◆ **WHAT YOU SHOULD DO**: For the data that follows, return each line unchanged and drop the pictures.

[EXERCISE DATA]

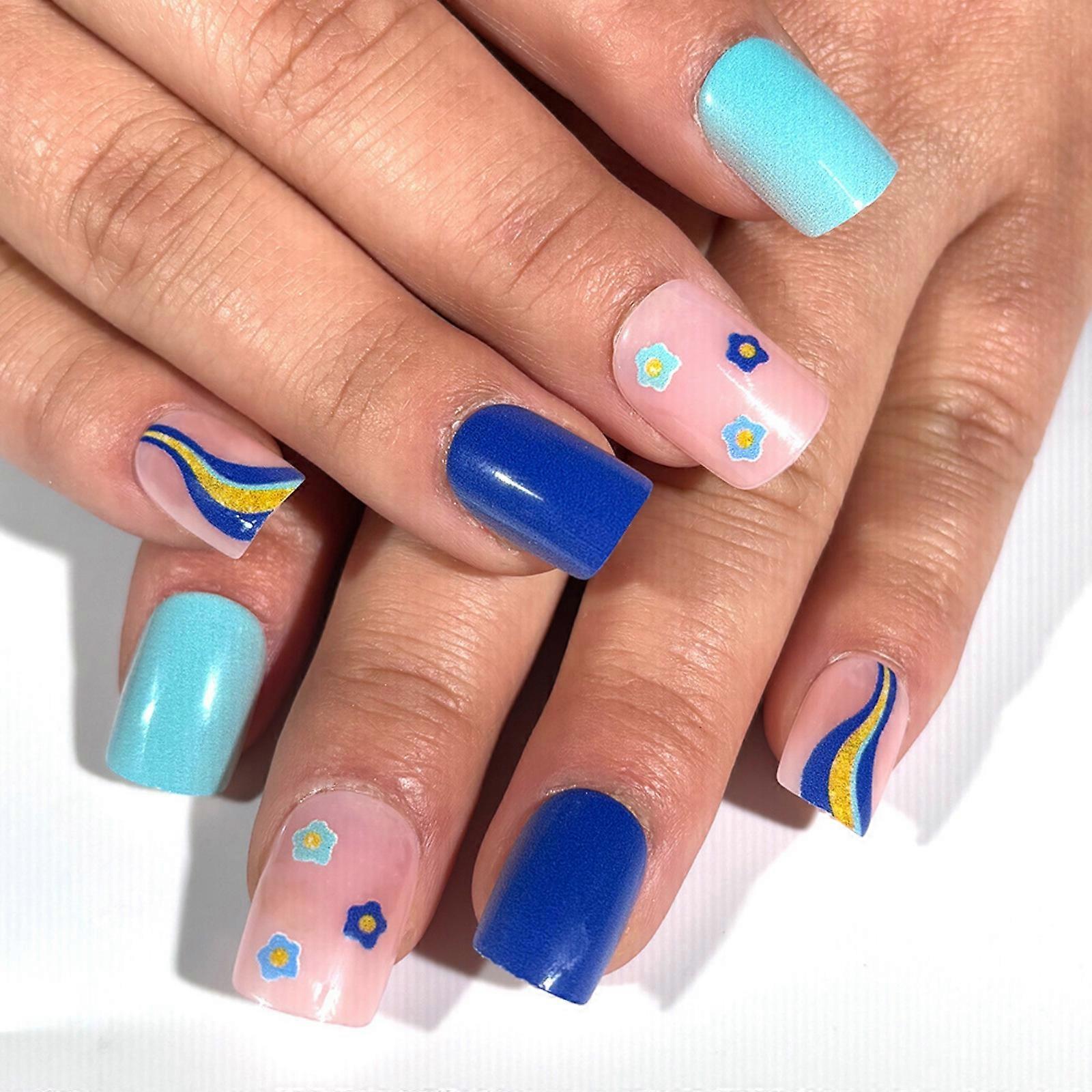24 Pcs Flowers Stick on Nail Blue Artificial Nail Short False Nail Swirls Press On Nail for Woman and Girls
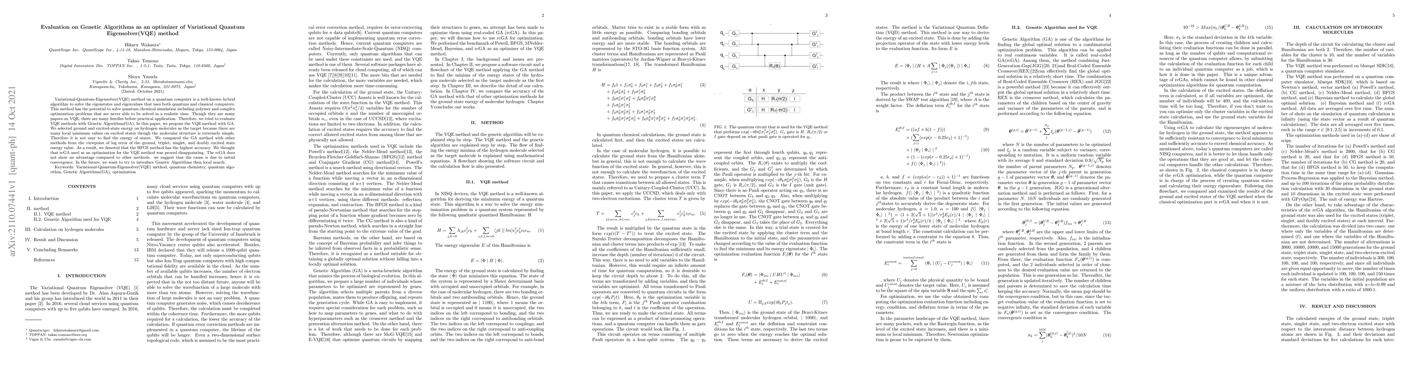 Variational-Quantum-Eigensolver(VQE) method on a quantum computer is a well-known hybrid algorithm to solve the eigenstates and eigenvalues that uses both quantum and classical computers. This method has the potential to solve quantum chemical simulation including polymer and complex optimization problems that are never able to be solved in a realistic time. Though they are many papers on VQE, there are many hurdles before practical application. Therefore, we tried to evaluate VQE methods with Genetic Algorithms(GA). In this paper, we propose the VQE method with GA. We selected ground and excited-state energy on hydrogen molecules as the target because there are many local minimum values on excited states though the molecular structure is extremely simple. Therefore it is not easy to find the energy of states. We compared the GA method with other methods from the viewpoint of log error of the ground, triplet, singlet, and doubly excited state energy value. As a result, we denoted that the BFGS method has the highest accuracy. We thought that rcGA used as an optimization for the VQE method was proved disappointing. The rcGA does not show an advantage compared to other methods. we suggest that the cause is due to initial convergence. In the future, we want to try to introduce Genetic Algorithms then local search.
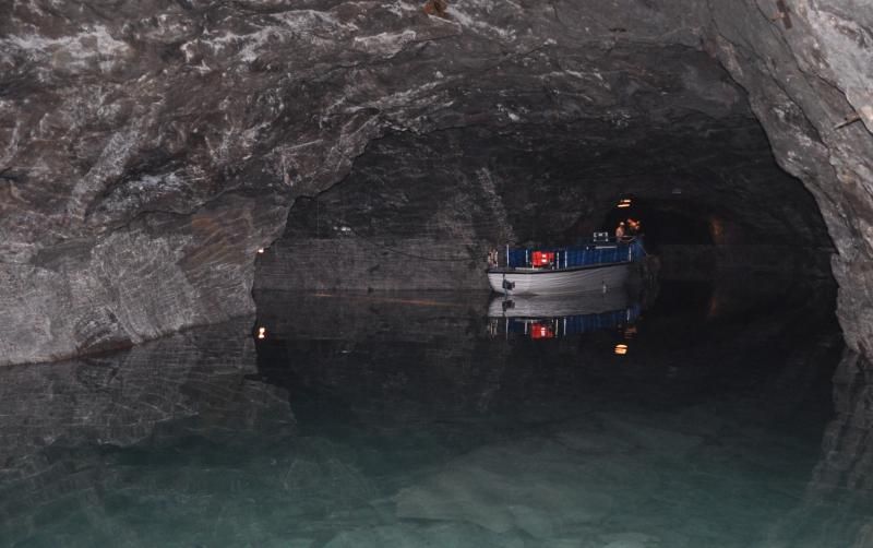Şapeli geride bıraktıktan sonra en alt kata giderek bizi bekleyen kayığı doldurup gölün üzerinde ilerliyoruz. Şu an itibariyle yerin 60 metre altında seyrediyoruz. Tekneler 26 kişilik. Kayık motorundan hiç ses çıkmıyor. Çünkü elektrikli. Sanırım akustikten ötürü yüksek sesle çalışan bir kayık tercih edilmemiş. Turlar, aynı tipte iki tekneyle yapılıyor. Biri kalkarken diğeri yanaşıyor. Zira gölün uzandığı labirentlerin önemlice bir kısmı, bir teknenin geçişine izin verecek genişlikte. Gölün suyu mavi ve çok temiz. Altındaki her şeyi net görmek mümkün. Göl suyunun yüzeyi 6200 m²’lik bir alana sahip. Suyun ortalama derinliği ise 1,20 metre olmakla beraber, yedi farklı kaynaktan beslenen ve hiçbir doğal boşaltma sistemine sahip olmayan yer altı gölünün su seviyesini koruma adına her gün yaklaşık 50.000 lt su dışarı pompalanıyormuş. Gölün suyu, doğal kaynak suyu olduğu için dışarı çıkarken topladığı minerallerden dolayı oksijen içermiyor ve içinde canlı yaşamıyor. Derinlik az gibi görünse de 2004 yılında tekne devrilmiş ve burada boğulanlar olmuş.
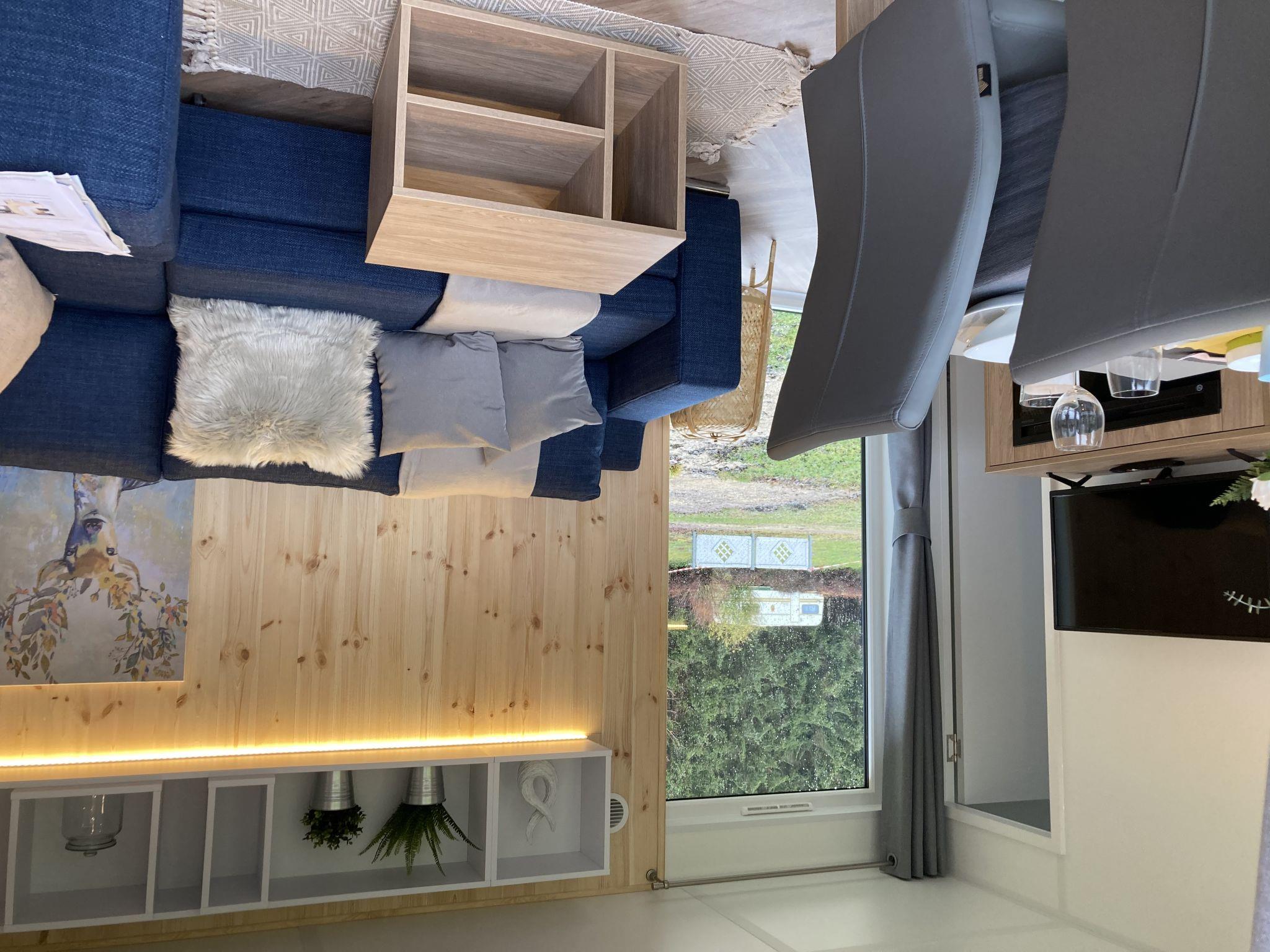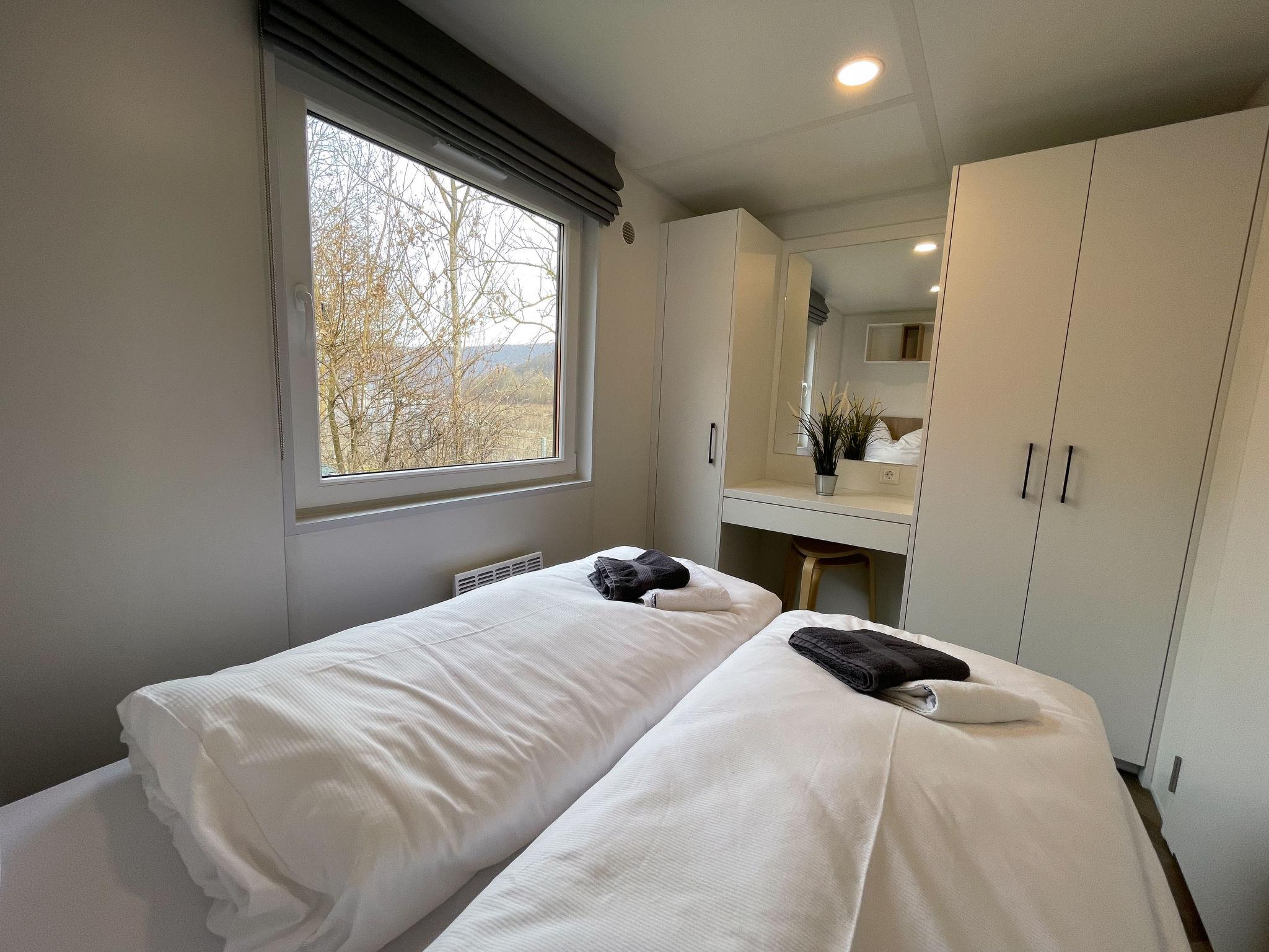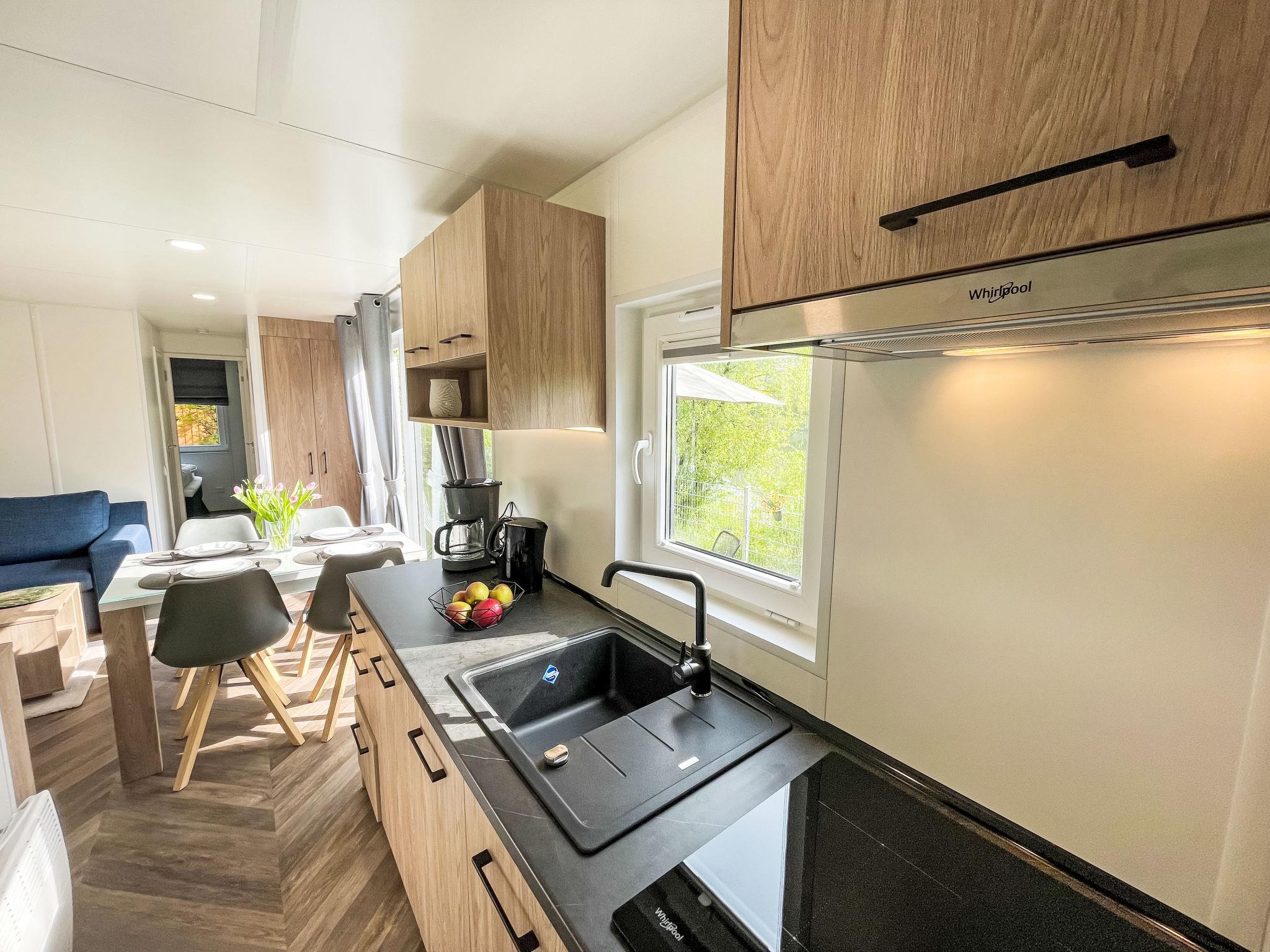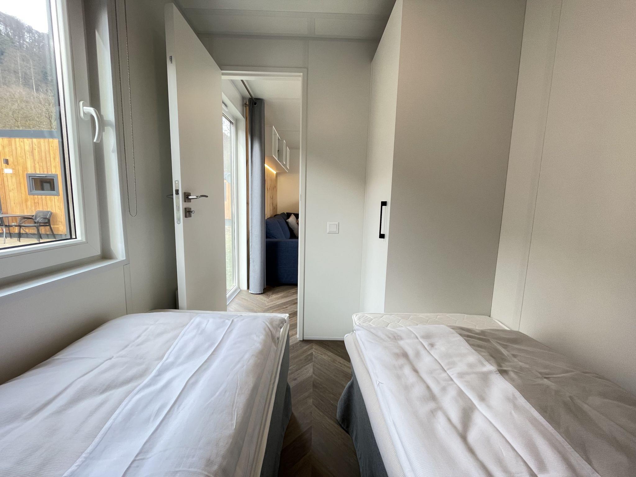 "Tiny Haus Altmühlblick", 3-room mobile home 32 m2, on the ground floor. Modern and cosy furnishings: living/sleeping room with 1 sofabed (120 cm, length 170 cm), dining table and satellite TV (flat screen). Exit to the terrace. 1 room with 1 french bed (140 cm, length 200 cm). 1 room with 2 beds (80 cm, length 200 cm). Open kitchen (4 ceramic glass hob hotplates, kettle, freezer, electric coffee machine). Shower/WC. Electric heating. Small terrace. Terrace furniture. Beautiful view of the river. Parking (1 car) at 50 m. Please note: suitable for families. Non-smoking house. Smoke alarm, fire extinguisher. Bed layout is flexible. There are more sleeping options available than the maximum number of people allowed which may, however, not be exceeded.

[/EXERCISE DATA]

◆ **EXERCISE SOLUTION**:
24 Pcs Flowers Stick on Nail Blue Artificial Nail Short False Nail Swirls Press On Nail for Woman and Girls
 Variational-Quantum-Eigensolver(VQE) method on a quantum computer is a well-known hybrid algorithm to solve the eigenstates and eigenvalues that uses both quantum and classical computers. This method has the potential to solve quantum chemical simulation including polymer and complex optimization problems that are never able to be solved in a realistic time. Though they are many papers on VQE, there are many hurdles before practical application. Therefore, we tried to evaluate VQE methods with Genetic Algorithms(GA). In this paper, we propose the VQE method with GA. We selected ground and excited-state energy on hydrogen molecules as the target because there are many local minimum values on excited states though the molecular structure is extremely simple. Therefore it is not easy to find the energy of states. We compared the GA method with other methods from the viewpoint of log error of the ground, triplet, singlet, and doubly excited state energy value. As a result, we denoted that the BFGS method has the highest accuracy. We thought that rcGA used as an optimization for the VQE method was proved disappointing. The rcGA does not show an advantage compared to other methods. we suggest that the cause is due to initial convergence. In the future, we want to try to introduce Genetic Algorithms then local search.
Şapeli geride bıraktıktan sonra en alt kata giderek bizi bekleyen kayığı doldurup gölün üzerinde ilerliyoruz. Şu an itibariyle yerin 60 metre altında seyrediyoruz. Tekneler 26 kişilik. Kayık motorundan hiç ses çıkmıyor. Çünkü elektrikli. Sanırım akustikten ötürü yüksek sesle çalışan bir kayık tercih edilmemiş. Turlar, aynı tipte iki tekneyle yapılıyor. Biri kalkarken diğeri yanaşıyor. Zira gölün uzandığı labirentlerin önemlice bir kısmı, bir teknenin geçişine izin verecek genişlikte. Gölün suyu mavi ve çok temiz. Altındaki her şeyi net görmek mümkün. Göl suyunun yüzeyi 6200 m²’lik bir alana sahip. Suyun ortalama derinliği ise 1,20 metre olmakla beraber, yedi farklı kaynaktan beslenen ve hiçbir doğal boşaltma sistemine sahip olmayan yer altı gölünün su seviyesini koruma adına her gün yaklaşık 50.000 lt su dışarı pompalanıyormuş. Gölün suyu, doğal kaynak suyu olduğu için dışarı çıkarken topladığı minerallerden dolayı oksijen içermiyor ve içinde canlı yaşamıyor. Derinlik az gibi görünse de 2004 yılında tekne devrilmiş ve burada boğulanlar olmuş.
 "Tiny Haus Altmühlblick", 3-room mobile home 32 m2, on the ground floor. Modern and cosy furnishings: living/sleeping room with 1 sofabed (120 cm, length 170 cm), dining table and satellite TV (flat screen). Exit to the terrace. 1 room with 1 french bed (140 cm, length 200 cm). 1 room with 2 beds (80 cm, length 200 cm). Open kitchen (4 ceramic glass hob hotplates, kettle, freezer, electric coffee machine). Shower/WC. Electric heating. Small terrace. Terrace furniture. Beautiful view of the river. Parking (1 car) at 50 m. Please note: suitable for families. Non-smoking house. Smoke alarm, fire extinguisher. Bed layout is flexible. There are more sleeping options available than the maximum number of people allowed which may, however, not be exceeded.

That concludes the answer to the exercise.